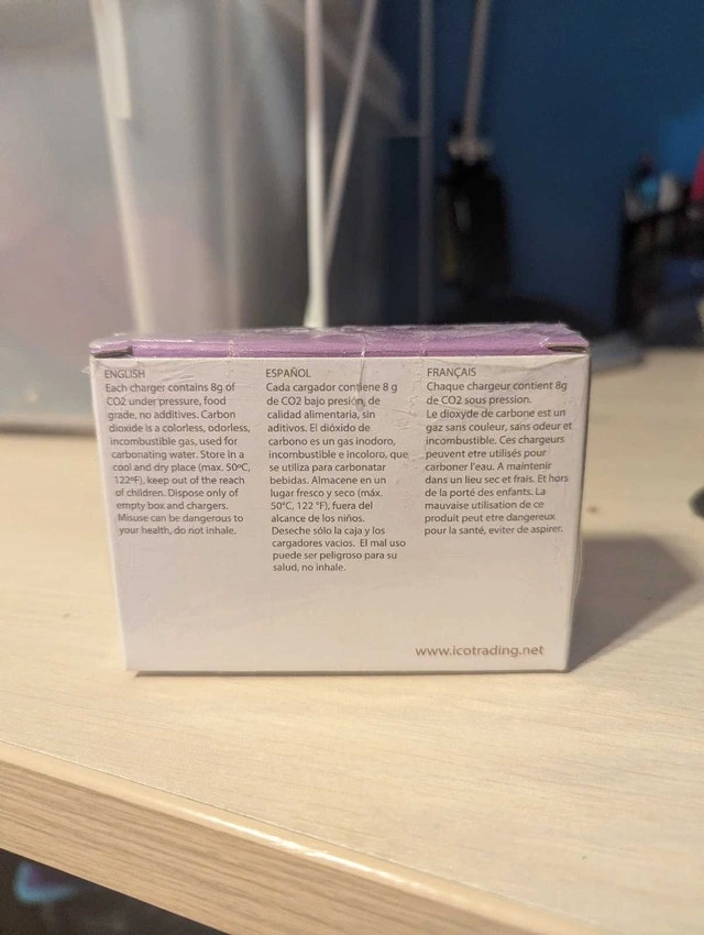 I'm selling a new box of ICO CO2 Chargers, each containing 8g of CO2, perfect for carbonating water and other beverages. This is a food-grade product, ensuring safety and quality for your culinary creations. It's the perfect accessory for making sparkling drinks right at home! Specifications:
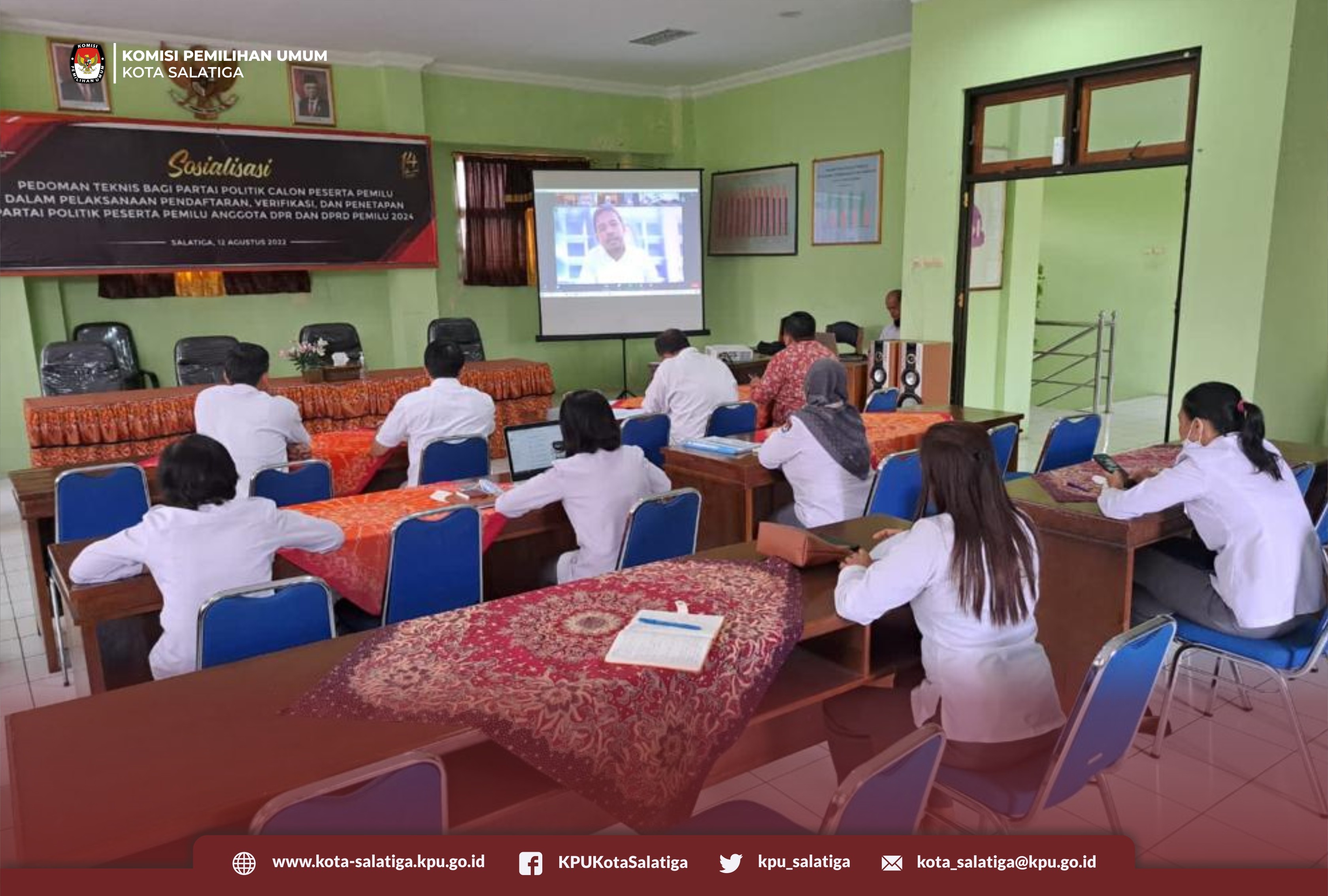 kota-salatiga.kpu.go.id- Pendaftaran peserta parpol telah ditutup pada tanggal 14 Agustus 2022 pukul 23.59 WIB. KPU kembali bergerak cepat dengan mempersiapkan tahapan verifikasi administrasi yang akan dilaksanakan oleh KPU Kabupaten/Kota dari tanggal 16 – 29 Agustus 2022. KPU Kota Salatiga mengikuti acara Rakor Verifikasi Administrasi Keanggotaan Partai Politik Calon Peserta Pemilu 2024 yang diadakan oleh KPU Provinsi Jawa Tengah melalui media daring zoom meeting, Senin (15/8/2022).
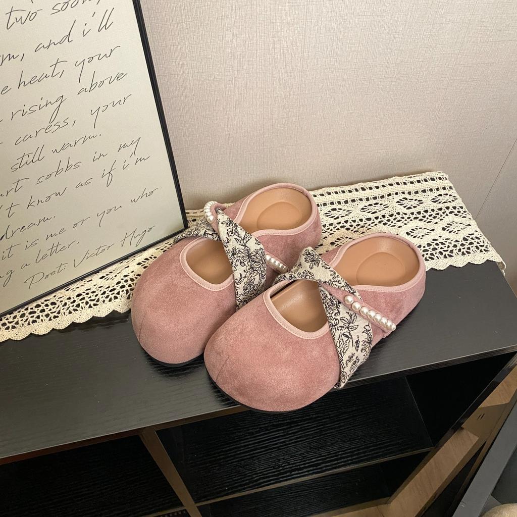 Женские одинарные туфли на плоской подошве 2025 новая весна и осень универсальная модная обувь Мэри Джейн с круглым носком и неглубоким вырезом, полушлепанцы
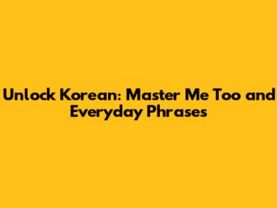 Unlock Korean: Master 'Me Too' And Everyday Phrases
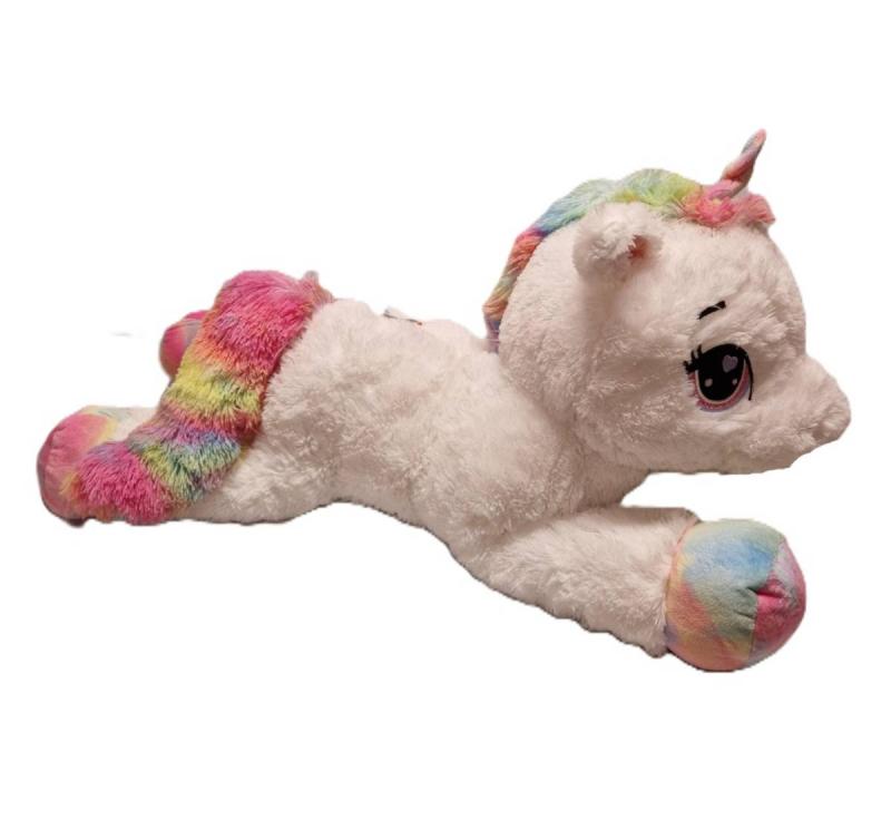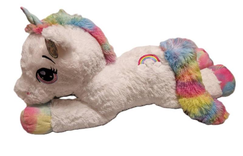 PLYŠ Jednorožec plyšový ležící 80cm - bílý s duhovými doplňky (plyšová hračka)
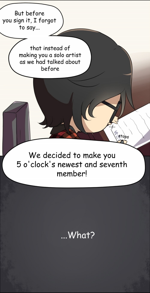 **A quick mini series about the boys of 5 o'clock** Chinhae was a normal and ordinary boy. A boy who liked singing and dancing in private. But this was all about to change soon.. After a video of him performing went viral on the internet, Chinhae was approached by KPC Entertainment. They thought he was very talented but not only that, they wanted him to join 5 o'clock! Will his life ever return to normal?

###

• Required action
From the records above, copy only the lines running from the line holding "kota-salatiga.kpu.go.id- Pendaftaran peserta" through the line holding "PLYŠ Jednorožec plyšový", with no pictures.

• Problem solution
 kota-salatiga.kpu.go.id- Pendaftaran peserta parpol telah ditutup pada tanggal 14 Agustus 2022 pukul 23.59 WIB. KPU kembali bergerak cepat dengan mempersiapkan tahapan verifikasi administrasi yang akan dilaksanakan oleh KPU Kabupaten/Kota dari tanggal 16 – 29 Agustus 2022. KPU Kota Salatiga mengikuti acara Rakor Verifikasi Administrasi Keanggotaan Partai Politik Calon Peserta Pemilu 2024 yang diadakan oleh KPU Provinsi Jawa Tengah melalui media daring zoom meeting, Senin (15/8/2022).
 Женские одинарные туфли на плоской подошве 2025 новая весна и осень универсальная модная обувь Мэри Джейн с круглым носком и неглубоким вырезом, полушлепанцы
 Unlock Korean: Master 'Me Too' And Everyday Phrases
 PLYŠ Jednorožec plyšový ležící 80cm - bílý s duhovými doplňky (plyšová hračka)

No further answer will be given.